A superioridade técnica ou de se relacionar profissionalmente de um funcionário, em geral facilmente percebida pelos demais colegas de trabalho, pode gerar na coletividade ou em um indivíduo específico o sentimento de inveja, sentimento esse traduzido como “desgosto ou pesar pelo bem dos outros; desejo violento de possuir o bem alheio; cobiça” (BUENO, 1995, p.373). O ambiente de trabalho, por fomentar a comparação, a rivalidade e a competição, torna- se extremamente propício ao surgimento do assédio moral, sendo tal assédio utilizado como instrumento para menosprezar o diferente, maltratar aquele que incomoda pela superioridade ou inferioridade (no julgamento íntimo de cada um).

Nesse contexto, o medo aparece como elemento importantíssimo no surgimento do assédio moral, pois está presente desde seu surgimento, como elemento impulsionador do agente, que teme ser preterido frente ao “concorrente”, passando a agir em momento posterior sobre o assediado, que, em regra, só se submete às torturas psicológicas impostas por temer a despedida do emprego.

De maneira geral, a violência inicia-se por um medo oculto do agressor, que ataca a pessoa que o “ameaça” antes de se sentir atingido, prejudicado. Assim, é o medo da superioridade alheia, de não estar à altura, de agradar menos ao superior hierárquico, de ser trapaceado pelo colega, e finalmente, como decorrência de todos os “medos” citados, é o temor do insucesso profissional que impulsiona a atitude agressiva contra quem o faz sentir ameaçado de qualquer forma. “O medo faz com que excomunguemos o outro, atribuindo a ele sentimentos agressivos, por estarmos em uma posição instável e nos sentirmos ameaçados” (HIRIGOYEN, 2002, p.45).

Observando o assédio moral no outro polo, a partir do agente passivo, observa-se facilmente o atuar do elemento “medo” sobre este; sendo o medo, na verdade, o elemento principal, o permissivo a que a agressão se configure e se perpetue. Não fosse o medo de represálias, de sanções pecuniárias, de perda de um cargo, a agressão não seria silenciosamente aceita, como ocorre na maioria dos casos.

Não existisse o temor que atua sobre o sujeito passivo do assédio moral, haveria da parte desta uma reação à agressão, uma reivindicação para a cessação da situação de sofrimento psicológico imposta.
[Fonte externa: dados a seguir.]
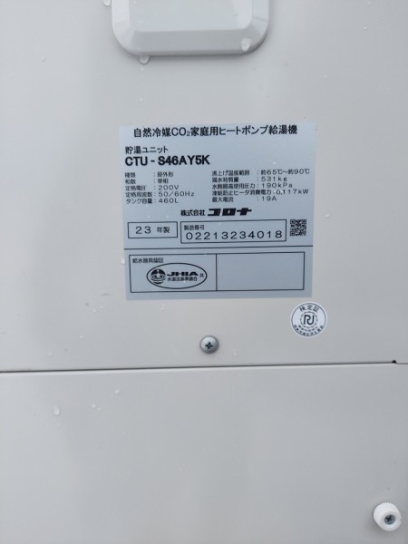 鬼北町広見 コロナ自然冷媒CO2家庭用ヒートポンプ給湯機貯湯ユニットCTU-S46AY5K エコキュート交換工事

No entanto, em muitos casos, o assédio iniciado por um agente propaga-se entre os colegas que, covardemente, não querem se aliar à parte frágil, isolada, rejeitada, e em movimento oposto, em busca de aceitação perante o grupo, se unem à parte tida como superior. Dessa forma, o medo que outrora residia discretamente na parte passiva se agiganta diante do

crescimento da rejeição dentro do grupo em que se está inserido e com o qual é necessário conviver diariamente como forma de garantir um emprego que, muitas vezes, é fonte de subsistência de toda uma família.

Sobre o tema, Marques Jr (2009, p. 20), assevera que:

[...] o assédio moral no ambiente de trabalho constitui a pior forma de estresse social. Tal situação é agravada pela majoração dos índices de desemprego ou de subemprego. O empregado que se revoltar contra essas práticas e pedir demissão ficará um tempo cada vez maior esperando sua recolocação no mercado de trabalho ou, se conseguir um novo emprego logo em seguida, fatalmente seu salário será inferior àquele recebido até então.

Vários fatores, portanto, têm propiciado o surgimento desse tipo de violência tão prejudicial à organização do trabalho. Ainda, a recente e pequena exploração do tema dificulta o conhecimento público dos prejuízos reais que tal mal acarreta inclusive à produtividade tão almejada na corrida pelo lucro. Conhecidos os prejuízos, certamente haverá empenho dos empregadores no sentido de combater o assédio moral dentro de suas empresas, através de mecanismos atenuadores dos conflitos iniciais, melhor gerenciamento de pessoal, com técnicas adequadas para estimular a produção e a competição sem fomentar a disputa desleal, que extrapola os limites do profissionalismo.